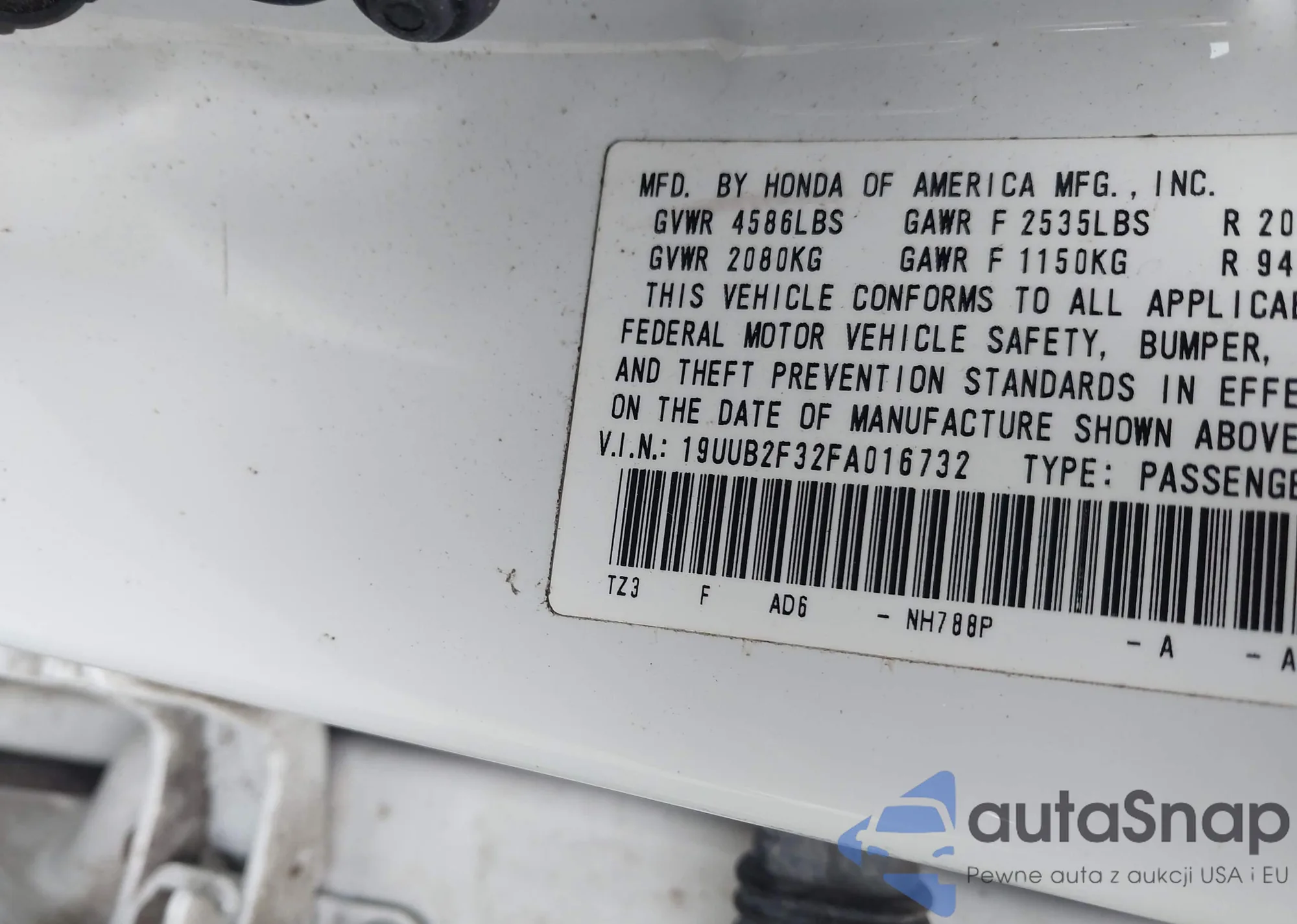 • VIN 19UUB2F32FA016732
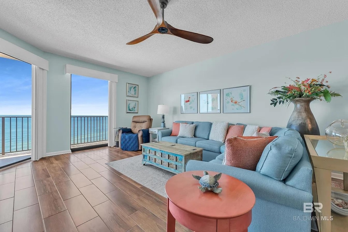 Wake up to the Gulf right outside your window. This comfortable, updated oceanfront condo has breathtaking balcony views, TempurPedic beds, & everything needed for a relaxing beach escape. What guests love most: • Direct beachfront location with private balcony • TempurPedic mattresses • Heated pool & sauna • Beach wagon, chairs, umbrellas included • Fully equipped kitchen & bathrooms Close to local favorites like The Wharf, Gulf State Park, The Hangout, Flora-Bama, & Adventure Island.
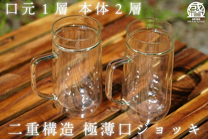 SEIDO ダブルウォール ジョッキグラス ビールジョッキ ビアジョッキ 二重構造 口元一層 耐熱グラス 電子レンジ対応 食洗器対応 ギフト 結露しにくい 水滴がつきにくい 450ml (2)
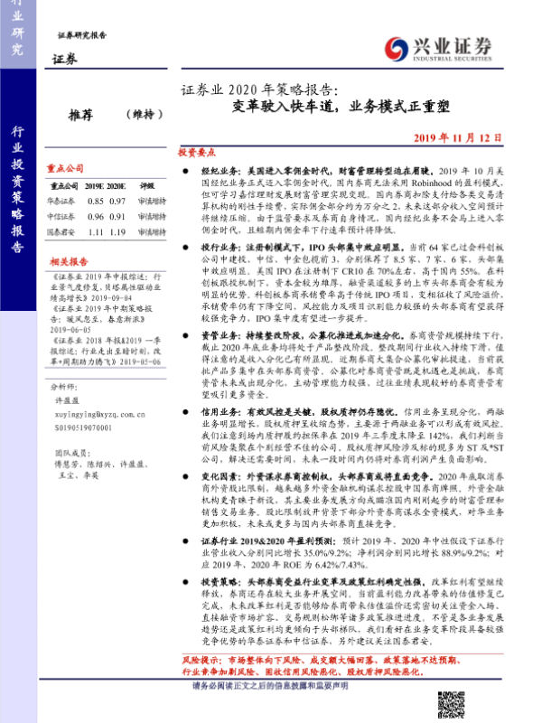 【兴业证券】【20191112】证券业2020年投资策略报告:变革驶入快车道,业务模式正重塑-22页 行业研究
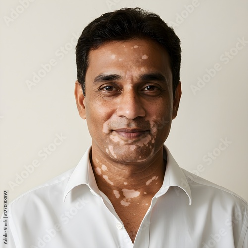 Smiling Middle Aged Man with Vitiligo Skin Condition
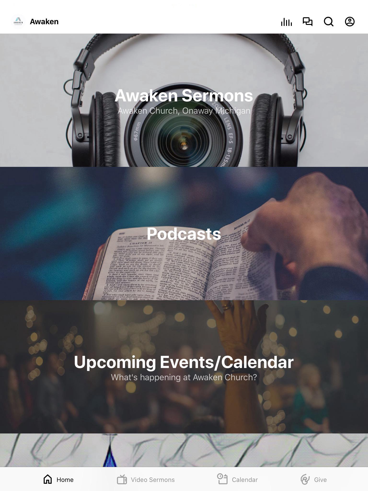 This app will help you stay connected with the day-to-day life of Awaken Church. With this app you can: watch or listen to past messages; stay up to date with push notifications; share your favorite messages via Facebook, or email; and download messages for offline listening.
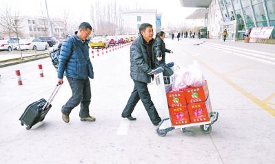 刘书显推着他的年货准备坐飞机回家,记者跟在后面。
==
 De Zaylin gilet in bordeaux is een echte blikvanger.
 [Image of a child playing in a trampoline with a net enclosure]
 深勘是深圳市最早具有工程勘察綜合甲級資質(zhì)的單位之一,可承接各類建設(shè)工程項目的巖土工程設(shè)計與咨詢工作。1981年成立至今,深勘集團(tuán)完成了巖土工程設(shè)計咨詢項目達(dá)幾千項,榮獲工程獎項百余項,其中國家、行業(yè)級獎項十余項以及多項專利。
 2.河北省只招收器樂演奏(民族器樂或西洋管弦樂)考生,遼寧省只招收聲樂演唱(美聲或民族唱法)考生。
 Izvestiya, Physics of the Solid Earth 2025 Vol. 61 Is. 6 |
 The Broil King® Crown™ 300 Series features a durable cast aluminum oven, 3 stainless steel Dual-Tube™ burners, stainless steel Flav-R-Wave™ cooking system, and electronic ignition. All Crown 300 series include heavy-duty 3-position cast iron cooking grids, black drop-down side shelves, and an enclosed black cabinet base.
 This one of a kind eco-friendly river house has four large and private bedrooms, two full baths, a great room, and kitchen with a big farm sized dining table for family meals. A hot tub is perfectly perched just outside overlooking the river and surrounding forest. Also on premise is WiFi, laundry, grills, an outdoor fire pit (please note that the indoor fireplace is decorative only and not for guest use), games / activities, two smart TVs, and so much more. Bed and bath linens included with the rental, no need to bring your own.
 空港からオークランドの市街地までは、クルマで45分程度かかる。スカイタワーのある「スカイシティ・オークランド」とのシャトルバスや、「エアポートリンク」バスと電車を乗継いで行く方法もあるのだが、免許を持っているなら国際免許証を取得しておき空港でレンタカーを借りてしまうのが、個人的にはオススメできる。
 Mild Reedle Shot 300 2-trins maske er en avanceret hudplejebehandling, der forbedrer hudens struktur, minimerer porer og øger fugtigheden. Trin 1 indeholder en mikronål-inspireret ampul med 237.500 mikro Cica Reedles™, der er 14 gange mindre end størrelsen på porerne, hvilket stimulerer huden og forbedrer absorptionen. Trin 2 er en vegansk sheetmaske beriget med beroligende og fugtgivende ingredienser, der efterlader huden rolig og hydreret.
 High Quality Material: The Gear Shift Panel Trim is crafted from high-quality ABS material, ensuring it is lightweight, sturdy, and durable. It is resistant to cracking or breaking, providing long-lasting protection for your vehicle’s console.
...
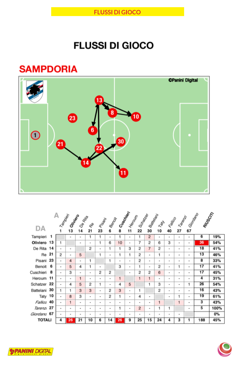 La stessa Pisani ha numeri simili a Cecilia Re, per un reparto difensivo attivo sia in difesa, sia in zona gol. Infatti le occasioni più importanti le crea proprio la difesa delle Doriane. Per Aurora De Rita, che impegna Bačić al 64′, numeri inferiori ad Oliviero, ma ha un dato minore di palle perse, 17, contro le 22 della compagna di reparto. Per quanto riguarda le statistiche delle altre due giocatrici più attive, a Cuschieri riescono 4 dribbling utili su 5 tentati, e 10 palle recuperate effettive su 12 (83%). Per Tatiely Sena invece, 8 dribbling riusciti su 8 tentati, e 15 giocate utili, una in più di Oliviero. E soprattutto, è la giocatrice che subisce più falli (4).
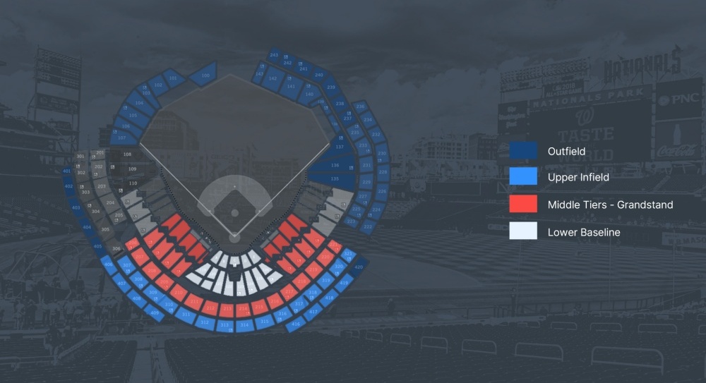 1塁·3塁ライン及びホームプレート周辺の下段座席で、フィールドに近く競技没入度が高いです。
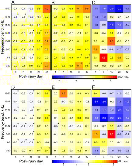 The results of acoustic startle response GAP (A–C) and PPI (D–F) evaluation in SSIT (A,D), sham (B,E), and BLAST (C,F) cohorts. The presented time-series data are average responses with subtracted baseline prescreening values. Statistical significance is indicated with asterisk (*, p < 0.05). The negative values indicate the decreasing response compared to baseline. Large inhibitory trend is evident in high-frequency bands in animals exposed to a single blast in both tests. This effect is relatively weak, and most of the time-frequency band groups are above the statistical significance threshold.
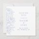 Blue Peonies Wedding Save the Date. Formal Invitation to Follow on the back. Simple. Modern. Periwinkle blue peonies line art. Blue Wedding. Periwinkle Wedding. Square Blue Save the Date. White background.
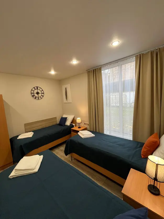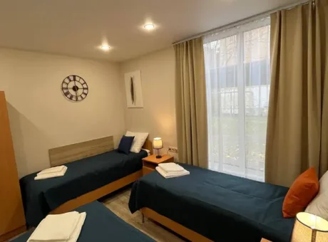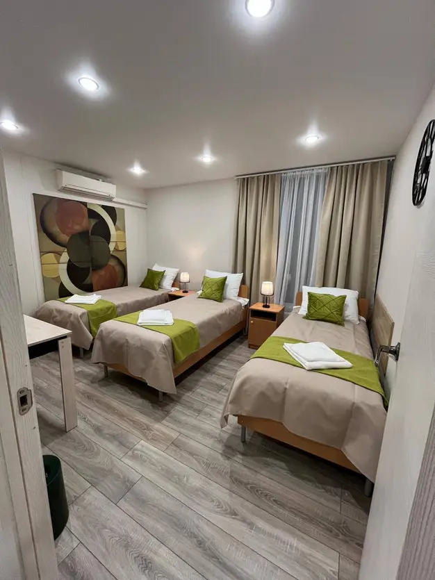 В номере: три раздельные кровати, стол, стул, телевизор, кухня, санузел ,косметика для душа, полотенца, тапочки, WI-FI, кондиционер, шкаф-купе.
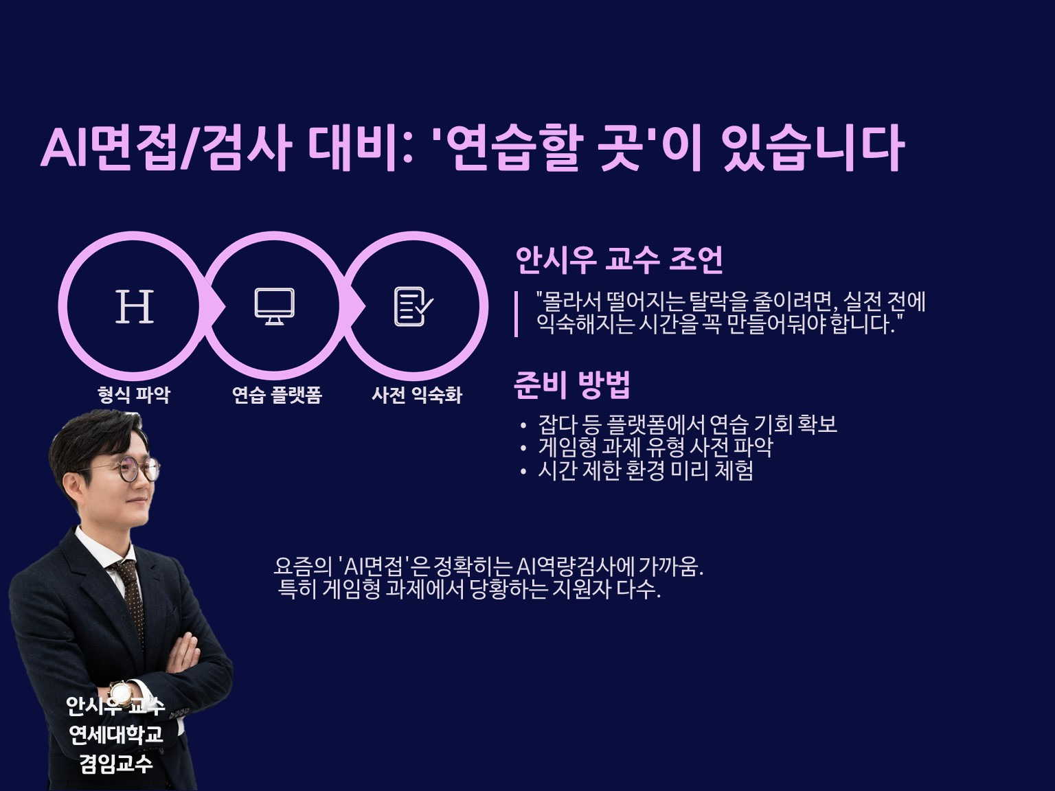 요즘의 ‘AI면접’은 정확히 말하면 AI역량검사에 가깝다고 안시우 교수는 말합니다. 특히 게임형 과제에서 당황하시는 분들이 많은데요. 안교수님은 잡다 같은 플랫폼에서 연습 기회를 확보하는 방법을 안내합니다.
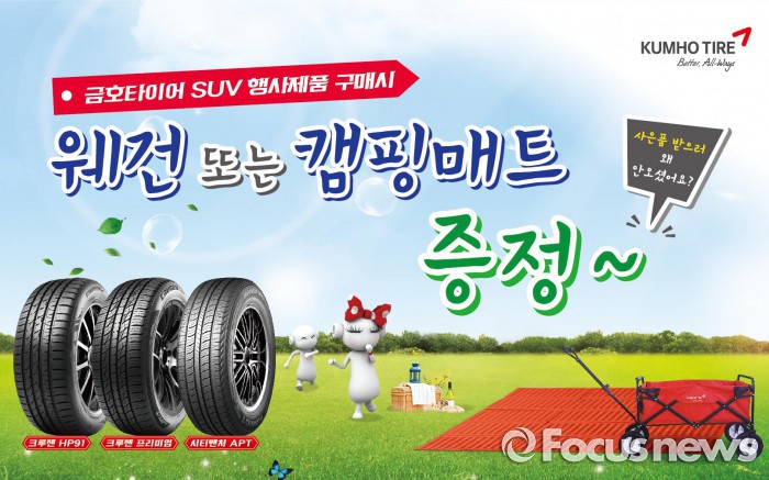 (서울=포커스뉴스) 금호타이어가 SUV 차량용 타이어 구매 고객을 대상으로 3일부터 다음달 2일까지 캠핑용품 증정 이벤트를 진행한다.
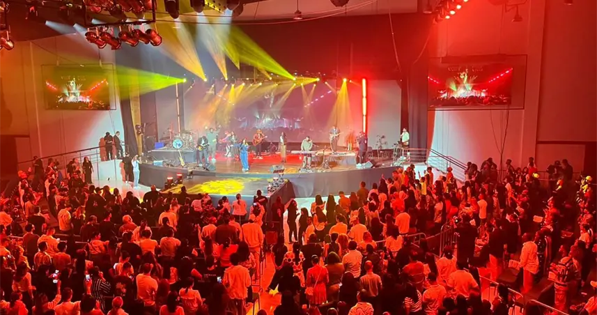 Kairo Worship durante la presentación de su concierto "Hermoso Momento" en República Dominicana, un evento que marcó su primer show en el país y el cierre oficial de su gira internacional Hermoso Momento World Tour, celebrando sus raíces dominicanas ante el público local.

# TASK DETAILS
Lines from the one above containing "SEIDO ダブルウォール ジョッキグラス" down to the one containing "刘书显推着他的年货准备坐飞机回家,记者跟在后面。" should be transcribed exactly, with both ends kept and no pictures.

# ANSWER SECTION
 SEIDO ダブルウォール ジョッキグラス ビールジョッキ ビアジョッキ 二重構造 口元一層 耐熱グラス 電子レンジ対応 食洗器対応 ギフト 結露しにくい 水滴がつきにくい 450ml (2)
 【兴业证券】【20191112】证券业2020年投资策略报告:变革驶入快车道,业务模式正重塑-22页 行业研究
 Smiling Middle Aged Man with Vitiligo Skin Condition
 This app will help you stay connected with the day-to-day life of Awaken Church. With this app you can: watch or listen to past messages; stay up to date with push notifications; share your favorite messages via Facebook, or email; and download messages for offline listening.
 刘书显推着他的年货准备坐飞机回家,记者跟在后面。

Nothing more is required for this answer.